Inhibition of κE- and BP-enhanced kinase signaling in MCECs by synthetic FAK and Akt inhibitors. (A) Upper Western blots showing bands corresponding to p-FAK from MCEC lysates subjected to κE, BP, and Y15 treatments. (B) Upper Western blots showing bands corresponding to p-Akt from MCEC lysates subjected to κE, BP, and GSK69093 treatments. (A, B) Presence (++/+) or absence of factor in respective treatments is indicated. Lower Western blots in (A, B) show GAPDH as loading control.
Figure 7
 
Inhibition of κE- and BP-enhanced kinase signaling in MCECs by synthetic FAK and Akt inhibitors. (A) Upper Western blots showing bands corresponding to p-FAK from MCEC lysates subjected to κE, BP, and Y15 treatments. (B) Upper Western blots showing bands corresponding to p-Akt from MCEC lysates subjected to κE, BP, and GSK69093 treatments. (A, B) Presence (++/+) or absence of factor in respective treatments is indicated. Lower Western blots in (A, B) show GAPDH as loading control.
Discussion
It has been shown previously that CNV in AMD is promoted by the EDPs released into vasculature through the abnormal metabolism of elastins, indicating a pathologic role of elastin metabolism in CNV. 2,5 In contrast, degradation of type IV collagen leads to the release of NC1 domains with antiangiogenic properties, which inhibit pathologic angiogenesis. 14,2528 Our study was done to evaluate the net effects of α6(IV)NC1 domain and EDPs in regulation of MCECs angiogenic patterns in vitro. Angiogenic effects of different EDPs in CNV were studied previously using cultured CECs of monkey and human origin. 9,10 The CECs of mouse origin were applied in our study for evaluating effects of EDPs and α6(IV)NC1, considering the significance of mouse as a model system for in vivo CNV studies. 29  
Another study reported that survival of endothelial cells is maintained normally in the presence of EDPs. 10 In our study, addition of 2% serum or EDPs did not alter the proliferation of MCECs compared to serum-free medium. However, survival of MCECs was retained similarly in serum-free, 2% serum and EDP-treated wells. These results are in accordance with previous report indicating that EDPs do not alter the proliferation of endothelial cells in 48 hours compared to the controls containing Hank's balanced salt solution (HBSS). 9 In our previous study, we identified that α6(IV)NC1 can inhibit proliferation of human umbilical vein endothelial cells (HUVECs) in vitro. 22 In our study, α6(IV)NC1 (0.5 and 1.0 μM) applied in the media alone, or in combination with EDPs or 2% serum, inhibited MCEC survival. Addition of polymyxin-B alone or in combination with α6(IV)NC1 did not alter the proliferation significantly, showing that the antisurvival affect exhibited by α6(IV)NC1 was not due to the endotoxin present in this recombinant protein. 

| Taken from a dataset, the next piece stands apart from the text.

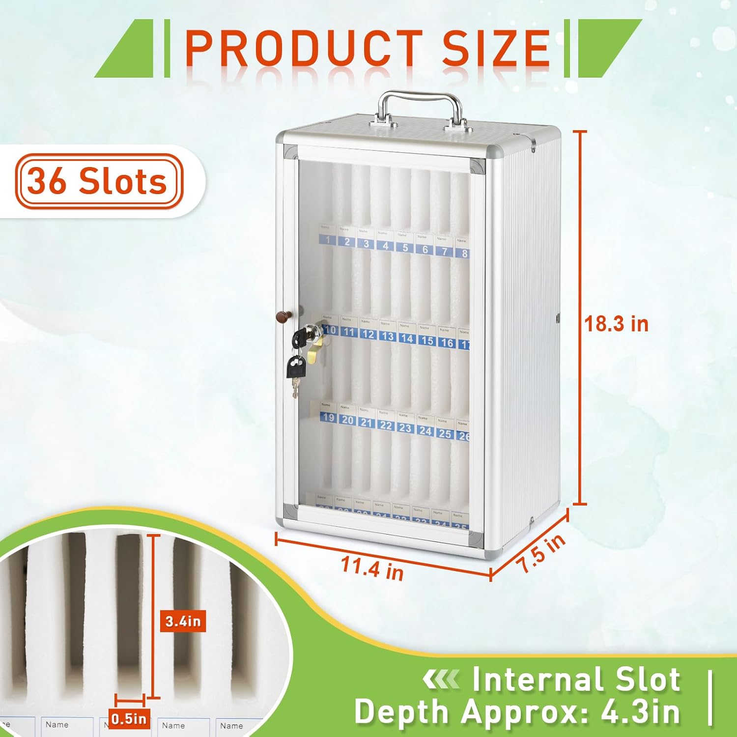 PREMIUM MATERIAL: The classroom cell phone holder is made of aluminum alloy, MDF and transparent plexiglas, featuring sturdy, enduring, waterproof and anti-pressure. There are two keys in total to the safe for double security.

Chemotactic EDPs induce cellular migration for different cell types, including keratinocytes, fibroblasts, and choroidal endothelial cells. 10,30,31 In our study, enhanced migration of MCECs by EDPs was inhibited by α6(IV)NC1. The positive effect of EDPs in enhancing CEC migration also was studied previously, where the migration was found to be higher for cells migrating towards fetal bovine serum (FBS) medium compared to EDPs. 9 In our study, migration of MCECs was compared in the presence of EDPs and α6(IV)NC1, rather than FBS and EDPs. Here, we showed that α6(IV)NC1 inhibited EDP-induced MCEC migration in Boyden chamber and scratch wound assays. An earlier study with HUVECs showed that α6(IV)NC1 coated on well plates promoted the migration and adhesion of ECs. 21 In our study, α6(IV)NC1 was presented as a soluble protein in the medium, rather than as a coating to the substrata, to evaluate its effects in comparison with the soluble EDPs. It may be presumed that soluble α6(IV)NC1 binds to the MCECs, and inhibits further adhesion and migration on the substrata as observed in the present migration experiments. Further, the reduction in migratory capability of MCECs also can be attributed to the inhibitory effect of α6(IV)NC1 on cell survival, as identified here in the cell survival experiment. 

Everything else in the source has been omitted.